Supplied information:
= Beginning of Section =
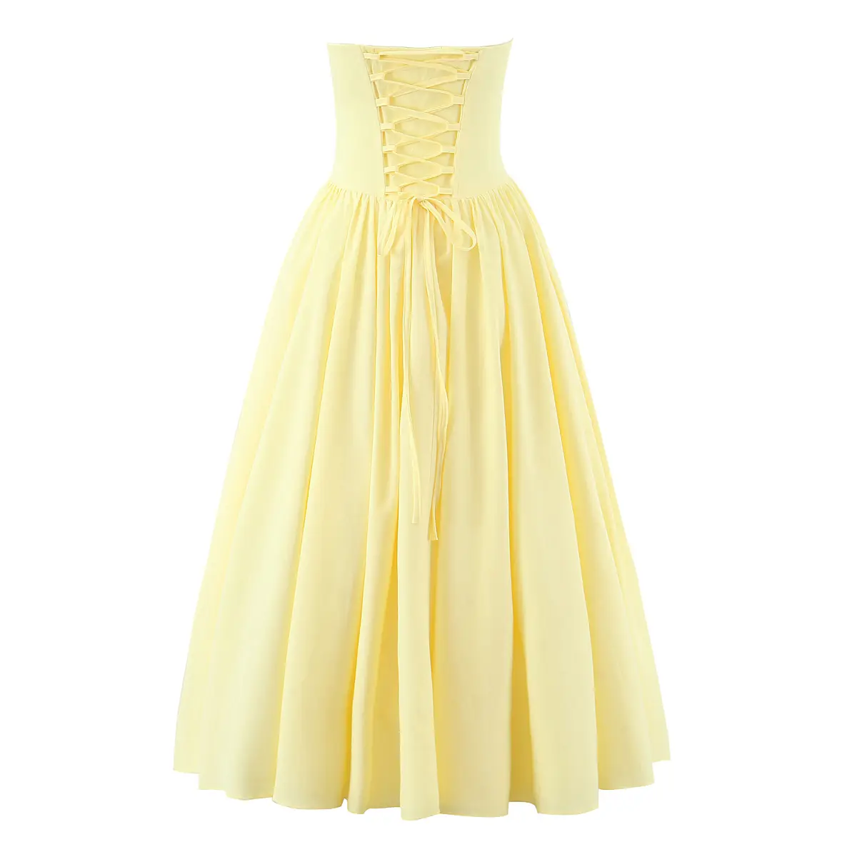 Long Strapless Dress Featuring Cross-Strap Lacing And Open Back
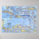 Poster " Caraïbes : 1962/à ce jour - carte des Antilles .
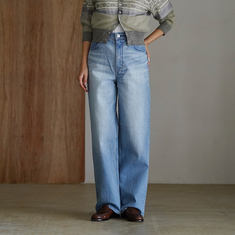 程よい太さのワイドストレートが、脚のラインを拾いにくく、すっきりとした印象に導くデニムです。
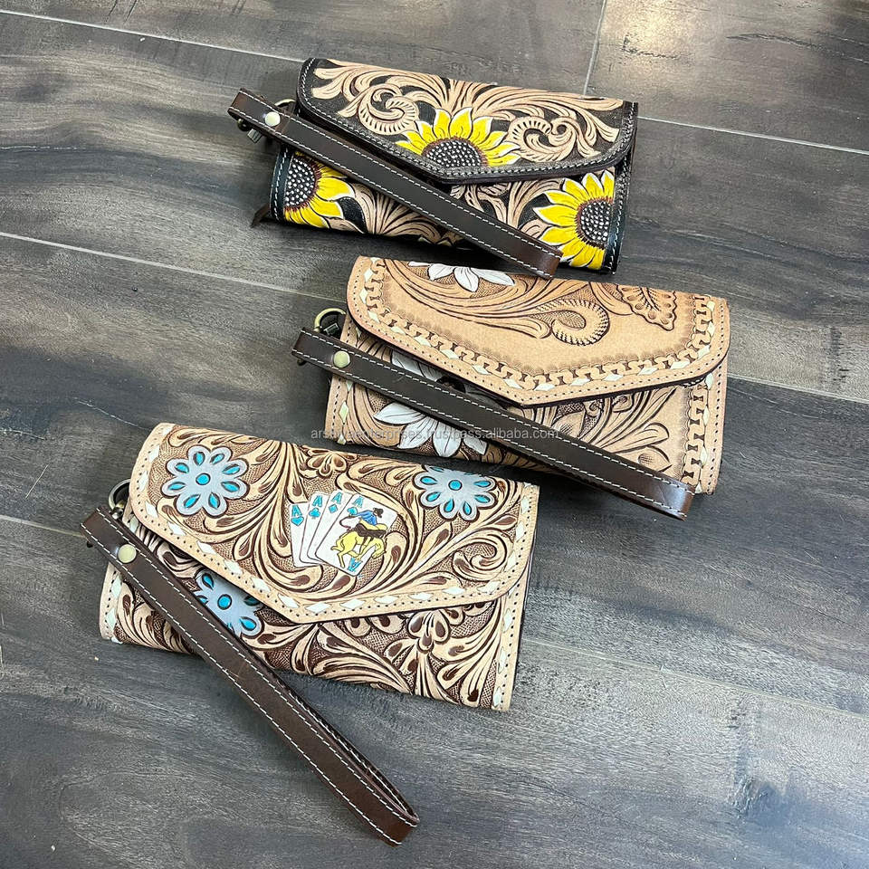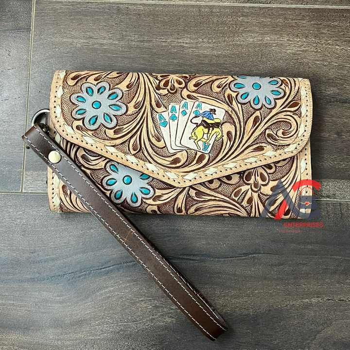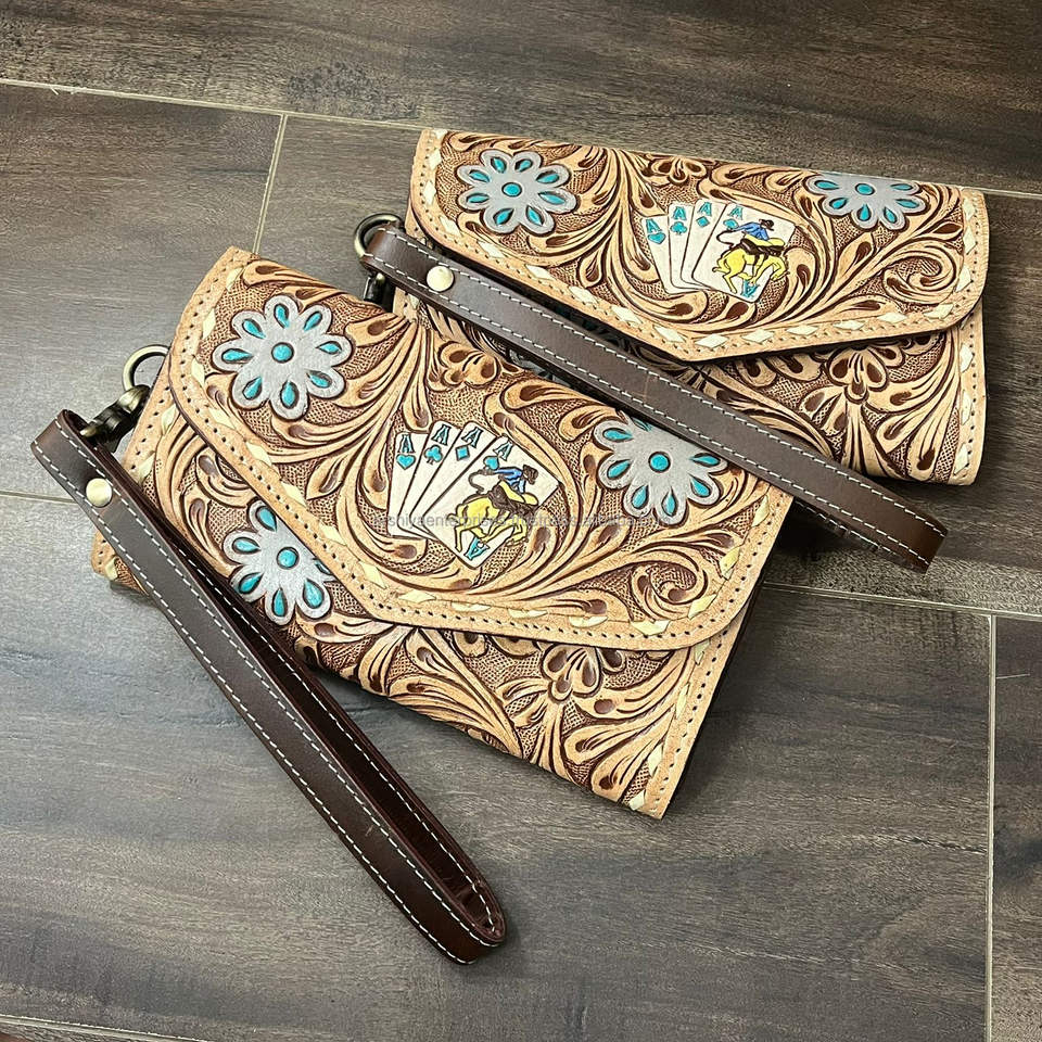 Hand Tooled Leather Cowboy & Card Design Wristlet Wallet
= End of Section =
Problem to work on: Only an exact copy of the lines from the one with "程よい太さのワイドストレート" through the last line of the listing should be given; pictures must not be included.

Task response:
 程よい太さのワイドストレートが、脚のラインを拾いにくく、すっきりとした印象に導くデニムです。
 Hand Tooled Leather Cowboy & Card Design Wristlet Wallet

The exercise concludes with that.